ECU Parking and Transportation Enforcement Supervisor Joshua Puckett said in an email statement that since the parking garage opened in 2019, ECU Parking and Transportation has always charged $1 an hour to park inside the garage. He said ECU Parking and Transportation reserves the right to allow customers, both permitted and hourly, to park for free when COVID-19 impacted campus operations in 2020.
Puckett said ECU Parking and Transportation also reserves the right to close the gates and resume normal operations as needed. However, both options must be limited, Puckett said, or ECU Parking and Transportation would not be able to operate, maintain or build new parking options for the campus community.
“ECU Parking and Transportation receives no state funding or tuition dollars to operate,” Puckett said. “Capital funds utilized to build, renovate, maintain and operate parking assets such as the (parking) garage or surface lots must come from revenue in the form of permits, events and hourly parking fees.”
As the university began to welcome back faculty, staff and students for the fall semester, Puckett said ECU Parking and Transportation transitioned the gates from free-flowing, or fully opened, back to the lowered position to resume normal garage operations. During the start of the semester, Puckett said ECU Parking and Transportation provided hassle-free parking options across campus for two weeks.
When ECU went fully virtual due to COVID-19, Puckett said ECU Parking and Transportation suspended citations in all student parking zones. ECU Parking and Transportation allowed students who needed to park outside of the normal 8 a.m. to 5 p.m. business hours the ability to temporarily park inside the garage, Puckett said. This was intended to allow students to access the student center, recreation center and the library temporarily without having to pay for parking, he said.
“After this two-week period, parking operations including enforcement and the garage resumed normal business operations. The parking garage is designed to be a short-term parking option for the campus community,” Puckett said.
False information was spread throughout the ECU student body that parking was free after 5 p.m. inside the garage, even before COVID-19, Puckett said. It was the false information, Puckett said, that led to the events of Sept. 7 evening. He said the simple explanation to the Sept. 7 event, was the welcome back grace period ended and the garage resumed normal operation.
Puckett said when there’s a large number of customers attempting to exit the garage at the same time, delays will occur. To reduce these delays, Puckett said the best option for students is to purchase a parking permit and then remain in their assigned residential or commuter parking lot and utilize ECU Transit to navigate campus.
“ECU Transit has COVID(-19) measures in place for both passengers and drivers that adhere to the university COVID-19 protocols,” Puckett said. “Moving forward, please remember the (parking) garage will be $1/hour 24/7.”
Mattie High, senior science education major, said the parking garage changing to its original service was inconvenient but understandable on the university’s part because they need the money. Even though the gates being open at 5 p.m. originally was convenient, High said, students took avantage of it.
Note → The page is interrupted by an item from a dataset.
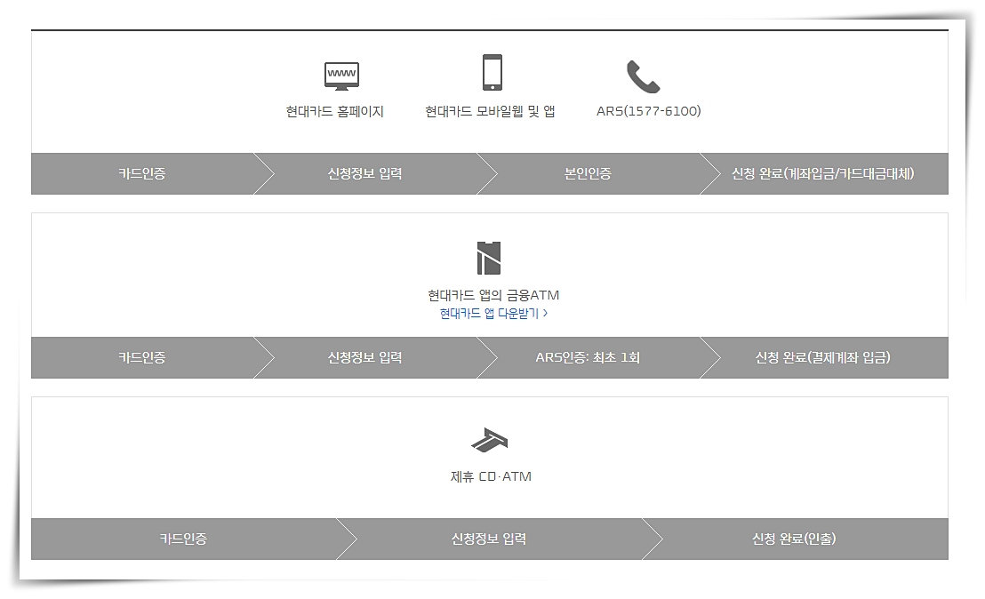 (현대카드 홈페이지, 모바일, ARS)
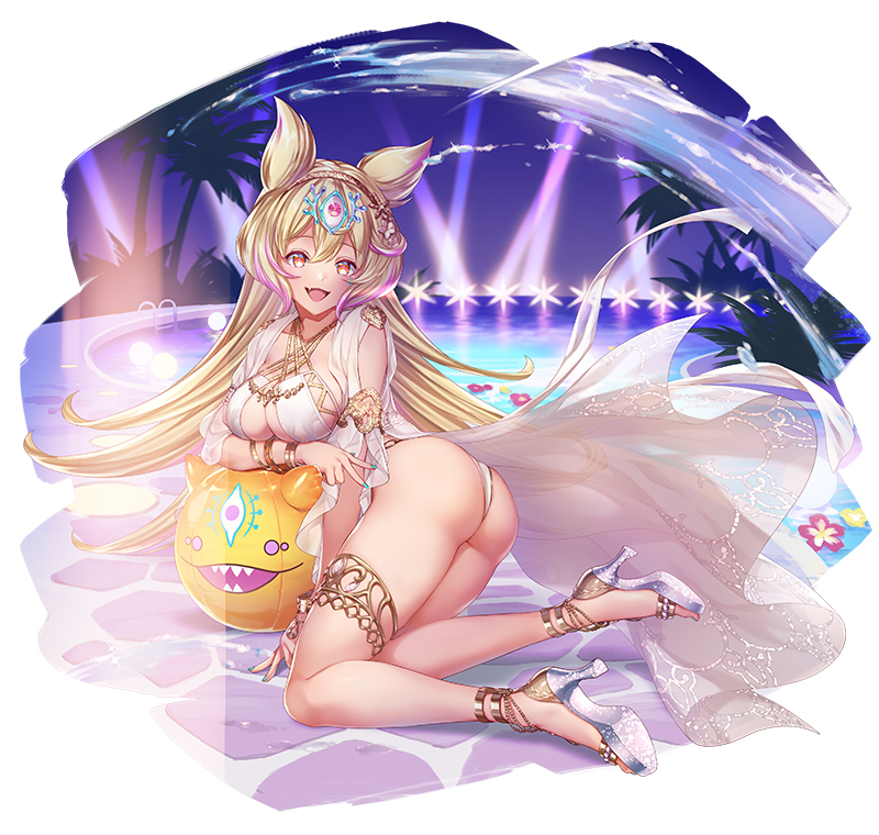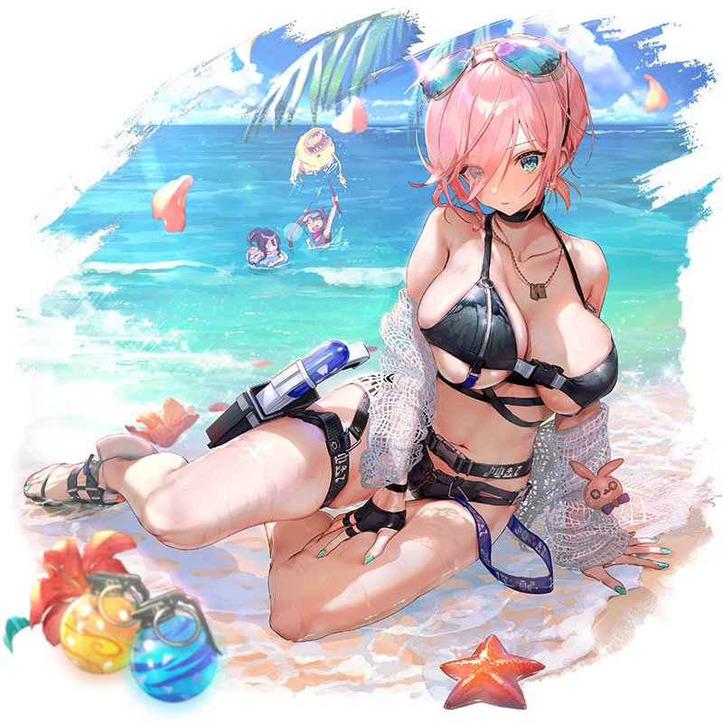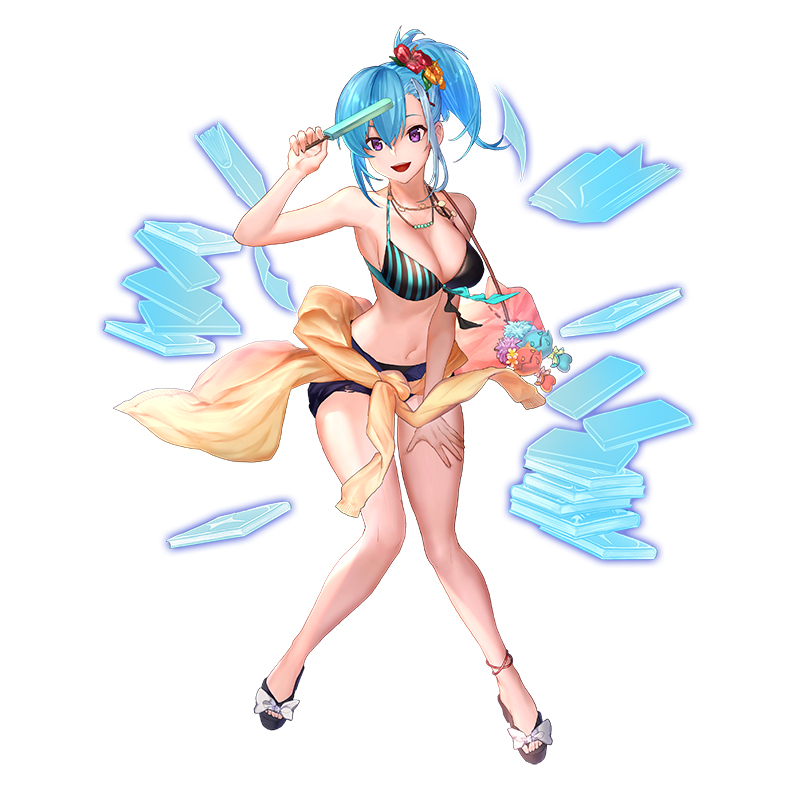明日、ご登場予定の「[水]バレット、[火]ディオネ、[樹]マルール、[火]レイン」さんのアプリ内イラストを先行して公開いたします♪今年の夏も水着ユニットが追加されますが、皆さんのイメージにあっている水着で素敵ですね♪ #クリプト

High said on Sept. 13 the parking garage was backed up again around noon when she tried to exit the garage. She said everyone in the garage had to wait for 40 minutes until a police officer arrived and let people out without paying. The parking garage also did not allow any new people into the garage when it became backed up, according to High.
“I definitely think that the situation that happened last week (Sept. 7) is repeating itself,” High said. “It looked like they (ECU Parking) were working on one of the paid things and that everybody was being forced to go through just one, but then they got so backed up it was just dangerous.”